As described above, the present invention provides a ground anchor body having a rotation release structure. In the ground anchor body, a wedge is biased toward the head coupler by a compression spring so that the wedge is wedged into a tapered hole of the head coupler and continuously maintained in the wedged state. Therefore, even if a shock is applied to the anchor body while transporting or unloading it, the coupled state can be reliably maintained. As needed, when a PC strand or deformed bar is pushed, a slide protrusion is moved forward along a slide slot of a guide and enters an operation space. In this state, when the PC strand or deformed bar is rotated to 90°, the slide protrusion is locked to an upper end of the guide. In this way, when needed, the PC strand or deformed bar can be easily released from the wedge and removed from a bore. As such, the PC strand, the deformed bar or the like coupled to the anchor body can be easily separated and removed from the anchor body when needed. The coupling of the PC strand, the deformed bar or the like to the anchor body can be reliably maintained even when an external shock is applied thereto in a construction site or during a process of transporting the anchor body.
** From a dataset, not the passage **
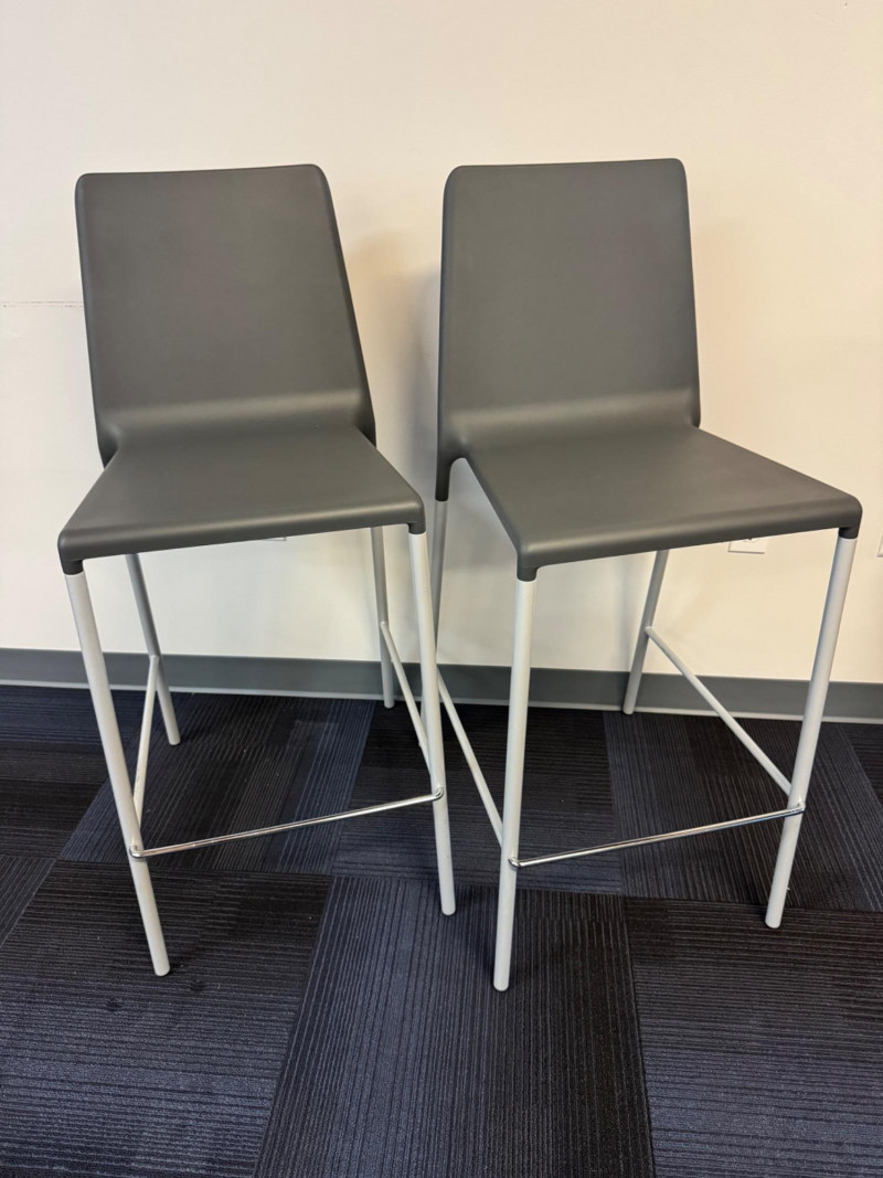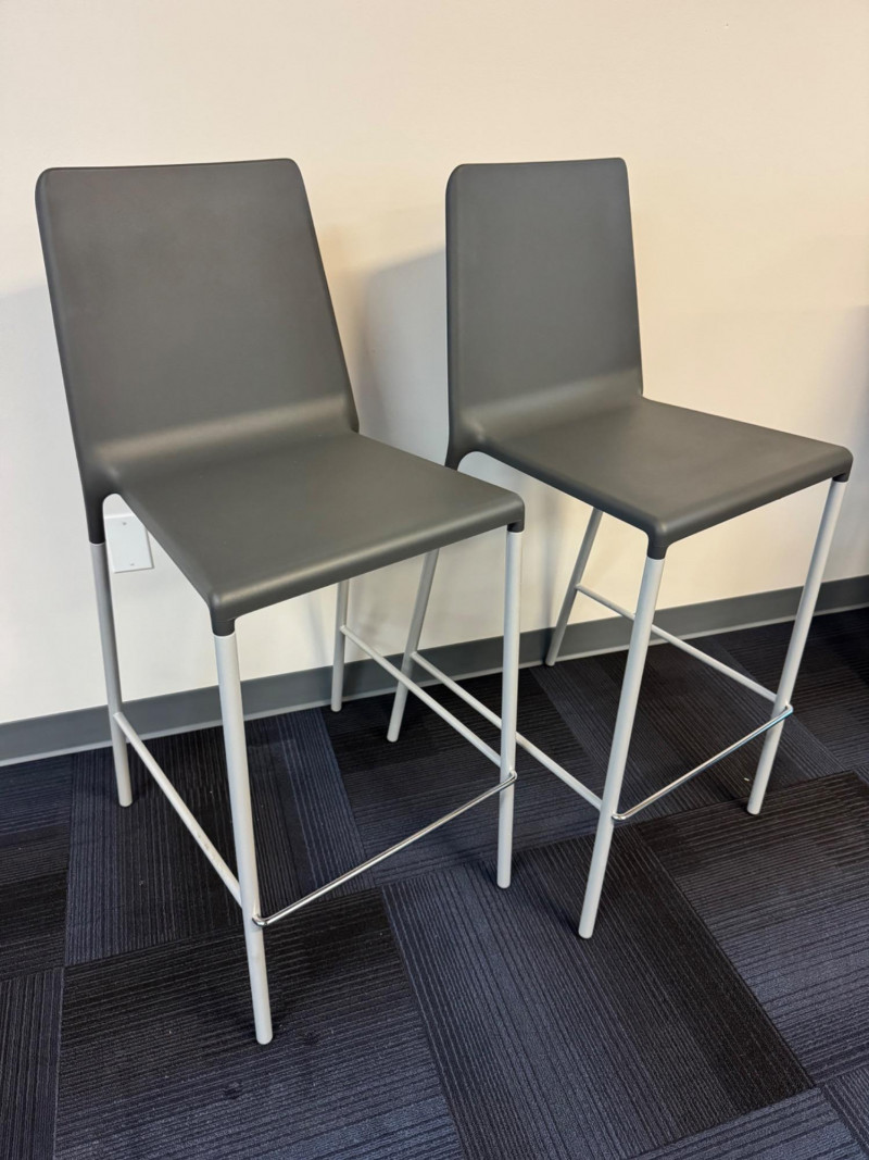 Set 8 – Allermuir Kojak Bar Stools (2) – Purchased Price $700+ Pair. 17” Wide 17” Deep 29” Tall Seat Height Originally purchased at $354 per stool ($708 per pair). Color: Dark Grey Seat / Regal Silver Frame

Consequently, the product reliability can be enhanced.

Although the preferred embodiment of the present invention has been disclosed for illustrative purposes, those skilled in the art will appreciate that various modifications, additions and substitutions are possible, without departing from the scope and spirit of the invention as disclosed in the accompanying claims.

Claims

1. A ground anchor body having a rotation release structure, comprising:

a waterproof cap including a first waterproof cap part having a tubular shape, and a second waterproof cap part coupled to the first waterproof cap part, the second waterproof cap part covering an upper end of the first waterproof cap part, with a first guide depression formed in the second waterproof cap part, and a compression spring inserted at an upper end thereof into the first guide depression;

a head coupler coupled to a lower end of the first waterproof cap part of the waterproof cap, the head coupler including a locking protrusion on an upper end thereof, with a tapered hole longitudinally formed in the head coupler so that a pc (prestressed concrete) strand is inserted into the tapered hole;

a wedge disposed in the tapered hole of the head coupler, the wedge holding the pc strand;

a tubular guide installed in the waterproof cap, with at least one slide slot longitudinally formed in the tubular guide, wherein the tubular guide is inserted into the first waterproof cap part of the waterproof cap in such a way that the tubular guide comes into contact with an inner circumferential surface of the first waterproof cap part, a lower end of the tubular guide is stopped by the locking protrusion provided on the upper end of the head coupler, and an operation space is formed above the tubular guide;

a movable body installed in the tubular guide and including at least one slide protrusion inserted into the at least one slide slot, the movable body being coupled at a lower end thereof to the wedge, with a key depression formed in a central portion of a lower surface of the movable body so that an upper end of the pc strand is key-coupled to and interlocked with the movable body, and with a second guide depression formed in an upper surface of the movable body; and

a compression spring installed in the second waterproof cap part of the waterproof cap, the compression spring elastically biasing the movable body downward.